In fact, since then, the issues have grown so severe that Windows admins have reportedly resorted to taking matters into their own hands because they don't want to be 90 days behind on all of these critical zero-day and other windows problems that August and September and October fixed while seemingly being unable to fix Windows printing. So they are, I'm not kidding, replacing Windows DLLs by hand with older versions of the DLLs to reenable printing. BleepingComputer reports that the DLLs admins are replacing to get their enterprises printing, the networked printing working again, are localspl.dll, win32spl.dll, and spoolsv.exe. They all sound like spooling things.

And while stepping back to earlier DLLs will remove Microsoft's multiple attempted fixes for the various PrintNightmares, since Microsoft continues to be unable to get their network printing to work with security, it's either go without security and print, or go without printing. Also, manually replacing only those three DLL culprits has the benefit of leaving the rest of October's, and for that matter September's and August's, updates in place, which would otherwise all need to be rolled back as a whole. Which, you know, people really don't want to do.

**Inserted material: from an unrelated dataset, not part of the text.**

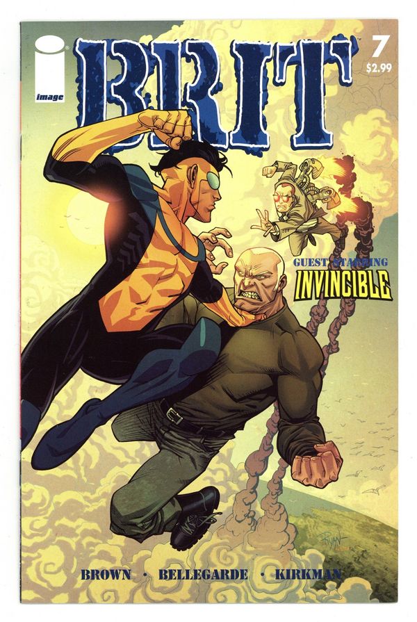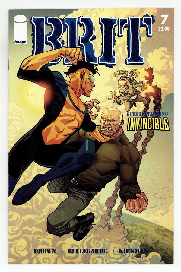 story BRUCE BROWN art NATE BELLEGARDE & ANDY KUHN cover RYAN OTTLEY & KELSEY SHANNON edited by ROBERT KIRKMAN GUEST-STARRING INVINCIBLE! It's 'Invulnerable' versus 'Invincible' in a knockdown, drag-out brawl to end them all! Two heroes - one old enough for social security, one not old enough to drink - forced against each other. It's a story of strip clubs, giant robots and the terror from a transdimension! Cover price $2.99.

Next Tuesday - the 9th, right? - Microsoft will have the opportunity to take another crack at it. It does feel as though they're maybe finally zeroing in on the trouble. Maybe they could just put those older - oh, no, no, they can't because those aren't secure. Okay. Anyway, we'll wait to see what happens. It sure feels as though their entire user base has become their field test lab. You'd think that they would have some well-established testing facilities for checking these things out before subjecting the rest of the world to their repeated and failed experiments, which is what's been happening, now for 90 days.

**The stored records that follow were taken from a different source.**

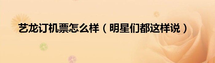 大家好,综合小编来为大家讲解下。艺龙订机票怎么样,明星们都这样说这个很多人还不知道,现在让我们一起来看看吧!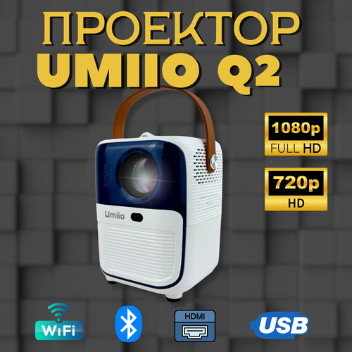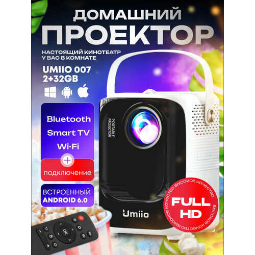 Проектор Umiio Q2 с HDMI / Портативный проектор / Мини проектор Umiio / Full HD Android TV / Белый / Family Store Home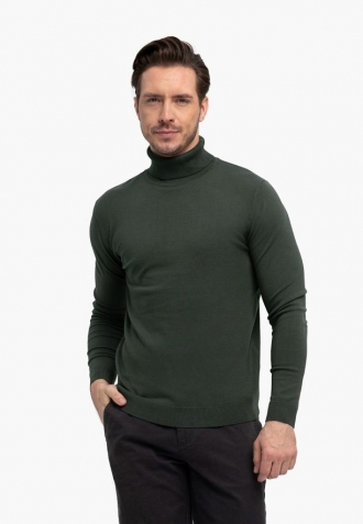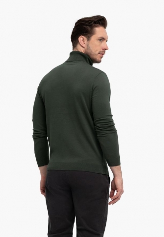 Zelený pánský rolák S-MAX má klasický střih a vyznačuje se minimalistickým designem. Protože je ušitý z lehké pleteniny s klasickou vazbou, osvědčí se jak na podzim, v zimě, tak i na jaře v chladnější den. Pletenina je měkká a příjemná na dotek, což zvyšuje komfort nošení.

But on the other hand, we know that they have lost exactly zero customers as a result of this repeated demonstration of incompetence. So why would they bother? I know how harsh that sounds, but I don't see any other rational explanation. We might not like it, but it is at least brutally rational.

JASON: And they're not alone in that practice. I mean, Google comes to mind. Google does this all the time with their products. And many Google users feel the same way; right? Like am I, as a Google fan and Google user, am I just constantly beta testing your products for you?

Steve: Yeah.

JASON: But yet we come back, and we come back; you know?

Steve: Yeah. So one thing Microsoft seems to be doing that I think Google isn't is fixing the symptom rather than the cause. We have a new local privilege escalation which affects all versions of Windows. I mean, like right now. A security researcher by the name of Abdelhamid Naceri has disclosed technical details for a Windows privilege elevation vulnerability and posted a public proof-of-concept exploit that gives system privileges under certain conditions. Now, normally this would be regarded as a hostile act, right, to just like post the news of this. But in this case it's difficult to blame Naceri for posting what he has.

Unfortunately, as I said, this appears to be another instance of Microsoft treating a symptom and not the cause. And we've hit on a number of these because this is another pattern which has unfortunately established itself this year. Back in August, Microsoft released a security update titled "Windows User Profile Service Elevation of Privilege Vulnerability." So an elevation of privilege vulnerability in Windows Profile Service. And it was formally tracked as CVE-2021-34484. That bug had been discovered by none other than this guy, Abdelhamid Naceri.

Once his discovery had been remediated by, you know, being patched, Naceri was understandably curious to see how Microsoft had fixed the glitch he had found. But upon examining the updated code, he discovered that the patch didn't fix the actual problem at all, and that he was still easily able to bypass it with another slightly altered exploit, which is what he has published on GitHub. I've got a link to the doc which he published.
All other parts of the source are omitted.